■ **Task goal**
Transcribe each of the records below exactly, excluding all pictures.

[Recorded data]
-------

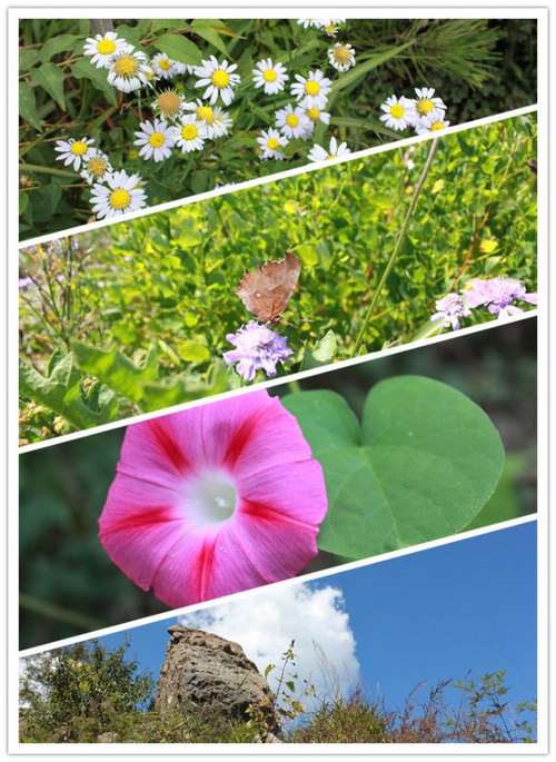 立足山巅,山体四周郁郁葱葱的草木和连绵起伏的群山尽收眼底。山脚下的村落和远处的高楼遥相呼应,遥看形似致密的网格,这种平时只能在网络地图上看到的景象,现在却一下子跳到了眼前,别有另一番身临其境的体验。远处天地合一的地方,一片云雾缭绕、虚无缥缈的景象,让人折服于大自然造化的神奇。此时未到深秋,所以没有红叶漫天,没有落英缤纷,取而代之的是因为高度不同、植被差异而深深浅浅交织的美妙画卷。正因为高度决定视野,我们到达顶峰,所以欣赏到了别样的风景。
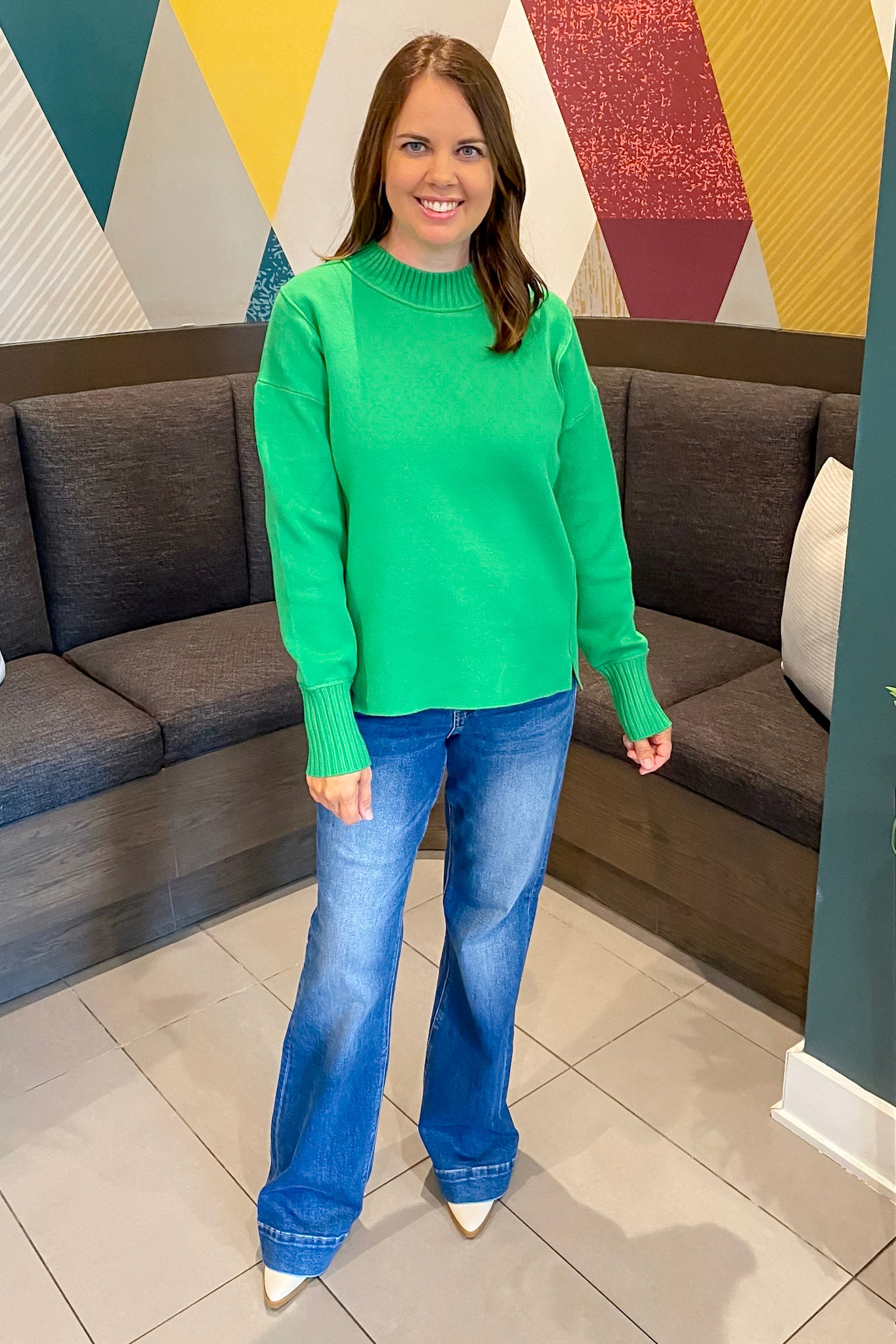 The Winter Essential Cozy Green Sweater is your winter must have in the most beautiful green! With its relaxed fit, cozy ribbed cuffs, and wide crew neckline, this pullover brings warmth without sacrificing style. Minimalist but elevated, it’s easy to dress up or down—basically, it’s the sweater that does it all. Whether you're layering it under a coat or wearing it solo with statement earrings, it’s a cold-weather classic you’ll love on repeat.
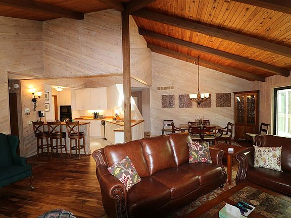 Perched on a ridge within Birchwood Farms Golf & Country Club is this cozy three bedroom, three bath home situated on a two acre lot. Convenient layout features include: main floor master with attached full bathroom, additional main floor bedroom (all bedrooms have slider door outdoor access) and a three-quarter bathroom just down the hall. Also on the main is an excellent open concept floor plan with exposed beams throughout the living area, dining and kitchen (with extra tall ceiling and high windows) and a beautiful field stone wood-burning fireplace in the heart of it all! Accessible from the dining room, living room and both main floor bedrooms, is a sizable deck where it's common to view an array of birds and wildlife. In the lower level is the third bedroom, a three-quarter bath and large walkout family room with slider door. New flooring in bedrooms, living/dining/hallways, upstairs baths and stairwell in 2019; new hot water heater and central air conditioning added in 2020. Amenities included with a purchase and monthly dues in Birchwood Farms Golf and Country Club are: 27 holes of pristine golf, tennis, pickleball, bocce, heated outdoor swimming pool, fitness facility, pro shop, dining options including grill room, casual bar and three-way house, 24/7 security personnel as well as a multitude of social gatherings and groups throughout the year! Throughout Birchwood Farm's property are also walking/cross country ski trails. Being offered turn-key with a few exclusions. This home is currently in a vacation rental program; pre-existing rentals for 2021/2022 to be honored with Buyer receiving rental income for dates after closing. Buyer to pay one time initiation fee of $10,000 due to Birchwood Farms at closing.
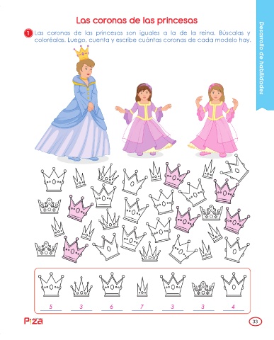 coloréalas. Luego, cuenta y escribe cuántas coronas de cada modelo hay. Desarrollo de habilidades
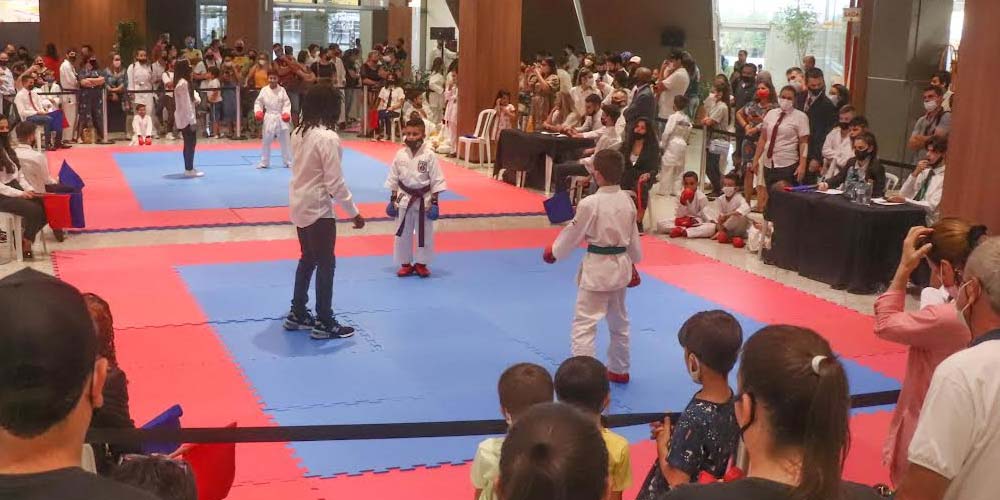 Quase 200 alunos dos nove núcleos da equipe da SR Mampituba, FME Içara, Unesc e Team Everaldo fizeram parte do Festival de Caratê no Nações Shopping neste último sábado, dia 6. A competição, totalmente gratuita aos atletas participantes, premiou os três melhores colocados em cada categoria do kumitê (luta) e kata (movimentos).
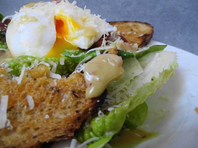 - Pop on the poached egg, & fried sourdough croutes, serve with a good grind of black pepper and grating of fresh Parmesan.
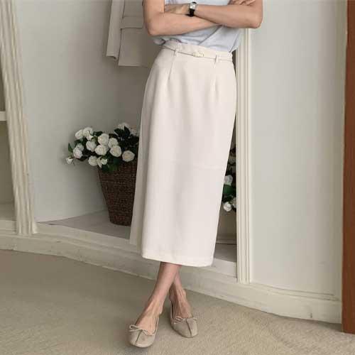 라이쿠 벨트 H라인 뒷밴딩 롱 스커트 cpsk7398k58
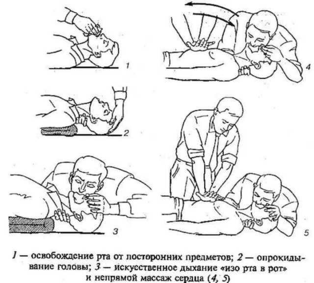 Если сердце не бьётся, то надо сочетать искусственное дыхание с непрямым массажем сердца: после одного вдувания воздуха в лёгкие производят 4-5 быстрых толчкообразных надавливаний на нижнюю треть грудины. Грудину смещают у взрослых на 45 см, а у детей младшего возраста - на 1,52 см в ритме 80-90 надавливаний в минуту. После 4-5 надавливаний вновь следует вдувать воздух в рот или нос пострадавшего. Меры по оживлению можно считать успешными, если у пострадавшего сузились зрачки, порозовела кожа, появился пульс. Оказание первой помощи нельзя прекращать до тех пор, пока человек не станет самостоятельно дышать и не придёт в сознание. Затем пострадавшего следует отправить в лечебное учреждение. Для оказания помощи при отравлении угарным газом пострадавшего следует быстро вынести на свежий воздух, напоить горячим чаем. Если же угоревший потерял сознание и его дыхание остановилась, то необходимо применить искусственное дыхание. Если приходится оказывать первую помощь утонувшему, то прежде всего следует как можно быстрее удалить воду из воздухоносных путей и лёгких. Для этого спасатель, стоя на одном колене, укладывает пострадавшего себе на бедро так, чтобы его голова и верхняя часть туловища свисали вниз. Далее утонувшему открывают рот и, похлопывая его по спине, удаляют воду из дыхательных путей. Затем пострадавшего кладут на спину, подложив под спину валик из одежды, и начинают делать искусственное дыхание до появления самостоятельного дыхания и возвращения сознания. После этого человека надо напоить горячим чаем, укутать чем-нибудь тёплым и отправить в больницу
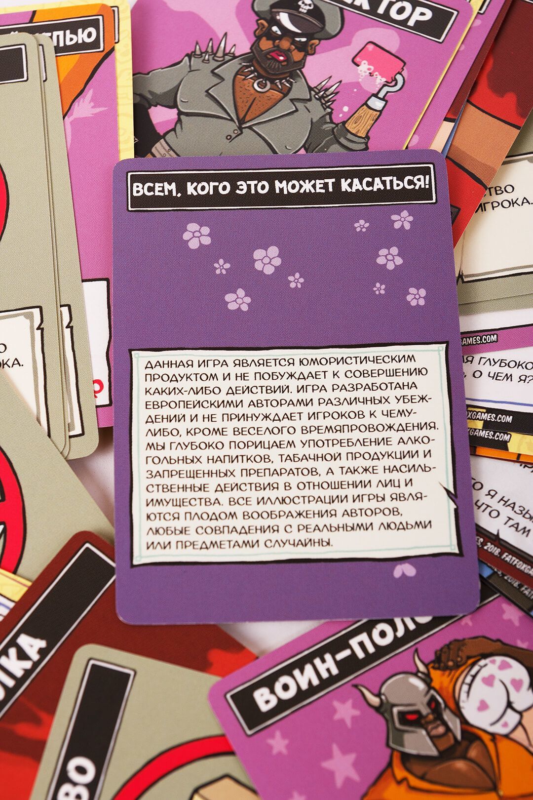 ВАЖЛИВО! Ця гра є гумористичним продуктом і не спонукає до вчинення будь-яких дій. Гра розроблена європейськими авторами різних переконань і не примушує гравців до будь-чого, окрім веселого проведення часу. Ми глибоко засуджуємо вживання алкогольних напоїв, тютюнових виробів і заборонених препаратів, а також насильницькі дії по відношенню до осіб і майна. Всі ілюстрації гри є плодом уяви авторів, будь-які збіги з реальними людьми або предметами випадкові.

-------

■ **Task response**
 立足山巅,山体四周郁郁葱葱的草木和连绵起伏的群山尽收眼底。山脚下的村落和远处的高楼遥相呼应,遥看形似致密的网格,这种平时只能在网络地图上看到的景象,现在却一下子跳到了眼前,别有另一番身临其境的体验。远处天地合一的地方,一片云雾缭绕、虚无缥缈的景象,让人折服于大自然造化的神奇。此时未到深秋,所以没有红叶漫天,没有落英缤纷,取而代之的是因为高度不同、植被差异而深深浅浅交织的美妙画卷。正因为高度决定视野,我们到达顶峰,所以欣赏到了别样的风景。
 The Winter Essential Cozy Green Sweater is your winter must have in the most beautiful green! With its relaxed fit, cozy ribbed cuffs, and wide crew neckline, this pullover brings warmth without sacrificing style. Minimalist but elevated, it’s easy to dress up or down—basically, it’s the sweater that does it all. Whether you're layering it under a coat or wearing it solo with statement earrings, it’s a cold-weather classic you’ll love on repeat.
 Perched on a ridge within Birchwood Farms Golf & Country Club is this cozy three bedroom, three bath home situated on a two acre lot. Convenient layout features include: main floor master with attached full bathroom, additional main floor bedroom (all bedrooms have slider door outdoor access) and a three-quarter bathroom just down the hall. Also on the main is an excellent open concept floor plan with exposed beams throughout the living area, dining and kitchen (with extra tall ceiling and high windows) and a beautiful field stone wood-burning fireplace in the heart of it all! Accessible from the dining room, living room and both main floor bedrooms, is a sizable deck where it's common to view an array of birds and wildlife. In the lower level is the third bedroom, a three-quarter bath and large walkout family room with slider door. New flooring in bedrooms, living/dining/hallways, upstairs baths and stairwell in 2019; new hot water heater and central air conditioning added in 2020. Amenities included with a purchase and monthly dues in Birchwood Farms Golf and Country Club are: 27 holes of pristine golf, tennis, pickleball, bocce, heated outdoor swimming pool, fitness facility, pro shop, dining options including grill room, casual bar and three-way house, 24/7 security personnel as well as a multitude of social gatherings and groups throughout the year! Throughout Birchwood Farm's property are also walking/cross country ski trails. Being offered turn-key with a few exclusions. This home is currently in a vacation rental program; pre-existing rentals for 2021/2022 to be honored with Buyer receiving rental income for dates after closing. Buyer to pay one time initiation fee of $10,000 due to Birchwood Farms at closing.
 coloréalas. Luego, cuenta y escribe cuántas coronas de cada modelo hay. Desarrollo de habilidades
 Quase 200 alunos dos nove núcleos da equipe da SR Mampituba, FME Içara, Unesc e Team Everaldo fizeram parte do Festival de Caratê no Nações Shopping neste último sábado, dia 6. A competição, totalmente gratuita aos atletas participantes, premiou os três melhores colocados em cada categoria do kumitê (luta) e kata (movimentos).
 - Pop on the poached egg, & fried sourdough croutes, serve with a good grind of black pepper and grating of fresh Parmesan.
 라이쿠 벨트 H라인 뒷밴딩 롱 스커트 cpsk7398k58
 Если сердце не бьётся, то надо сочетать искусственное дыхание с непрямым массажем сердца: после одного вдувания воздуха в лёгкие производят 4-5 быстрых толчкообразных надавливаний на нижнюю треть грудины. Грудину смещают у взрослых на 45 см, а у детей младшего возраста - на 1,52 см в ритме 80-90 надавливаний в минуту. После 4-5 надавливаний вновь следует вдувать воздух в рот или нос пострадавшего. Меры по оживлению можно считать успешными, если у пострадавшего сузились зрачки, порозовела кожа, появился пульс. Оказание первой помощи нельзя прекращать до тех пор, пока человек не станет самостоятельно дышать и не придёт в сознание. Затем пострадавшего следует отправить в лечебное учреждение. Для оказания помощи при отравлении угарным газом пострадавшего следует быстро вынести на свежий воздух, напоить горячим чаем. Если же угоревший потерял сознание и его дыхание остановилась, то необходимо применить искусственное дыхание. Если приходится оказывать первую помощь утонувшему, то прежде всего следует как можно быстрее удалить воду из воздухоносных путей и лёгких. Для этого спасатель, стоя на одном колене, укладывает пострадавшего себе на бедро так, чтобы его голова и верхняя часть туловища свисали вниз. Далее утонувшему открывают рот и, похлопывая его по спине, удаляют воду из дыхательных путей. Затем пострадавшего кладут на спину, подложив под спину валик из одежды, и начинают делать искусственное дыхание до появления самостоятельного дыхания и возвращения сознания. После этого человека надо напоить горячим чаем, укутать чем-нибудь тёплым и отправить в больницу
 ВАЖЛИВО! Ця гра є гумористичним продуктом і не спонукає до вчинення будь-яких дій. Гра розроблена європейськими авторами різних переконань і не примушує гравців до будь-чого, окрім веселого проведення часу. Ми глибоко засуджуємо вживання алкогольних напоїв, тютюнових виробів і заборонених препаратів, а також насильницькі дії по відношенню до осіб і майна. Всі ілюстрації гри є плодом уяви авторів, будь-які збіги з реальними людьми або предметами випадкові.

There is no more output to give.